----- Data excerpt
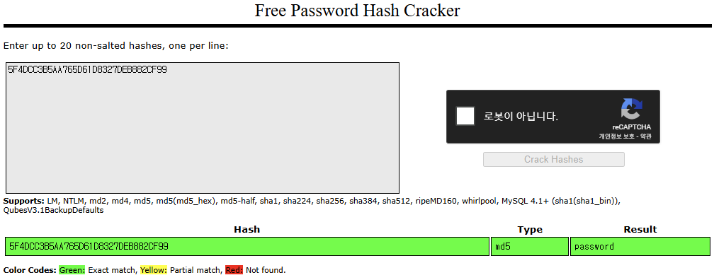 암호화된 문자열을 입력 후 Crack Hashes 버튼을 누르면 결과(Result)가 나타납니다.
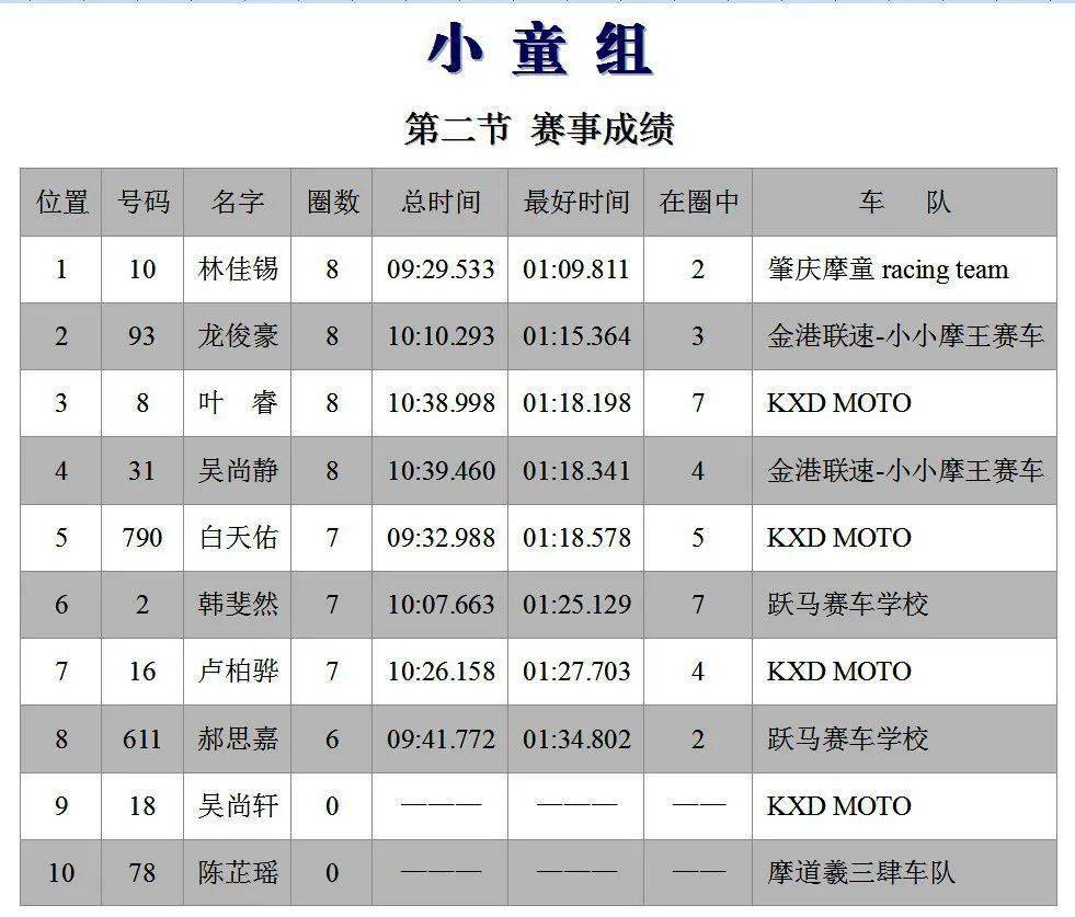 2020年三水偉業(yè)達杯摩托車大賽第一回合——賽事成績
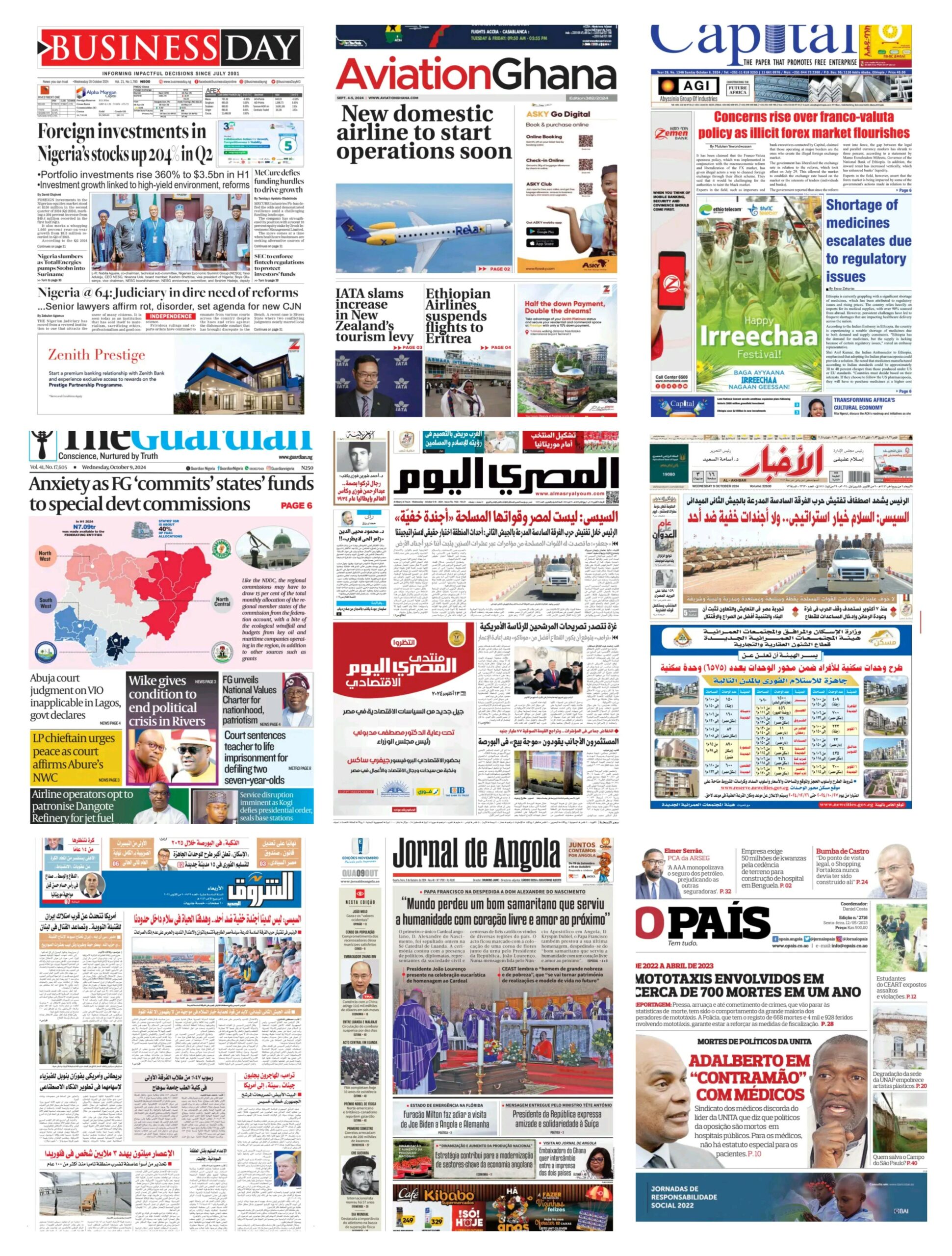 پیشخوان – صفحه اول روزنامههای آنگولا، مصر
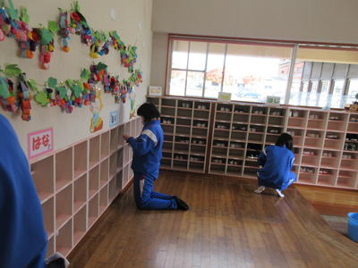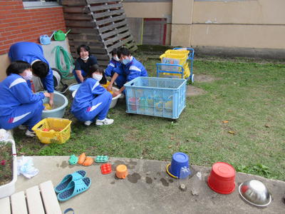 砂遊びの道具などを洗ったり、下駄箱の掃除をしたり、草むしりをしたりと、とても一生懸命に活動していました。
----------
Try it. An exact retyping of the material, minus the pictures, is the required answer.

Reply to the exercise.
 암호화된 문자열을 입력 후 Crack Hashes 버튼을 누르면 결과(Result)가 나타납니다.
 2020年三水偉業(yè)達杯摩托車大賽第一回合——賽事成績
 پیشخوان – صفحه اول روزنامههای آنگولا، مصر
 砂遊びの道具などを洗ったり、下駄箱の掃除をしたり、草むしりをしたりと、とても一生懸命に活動していました。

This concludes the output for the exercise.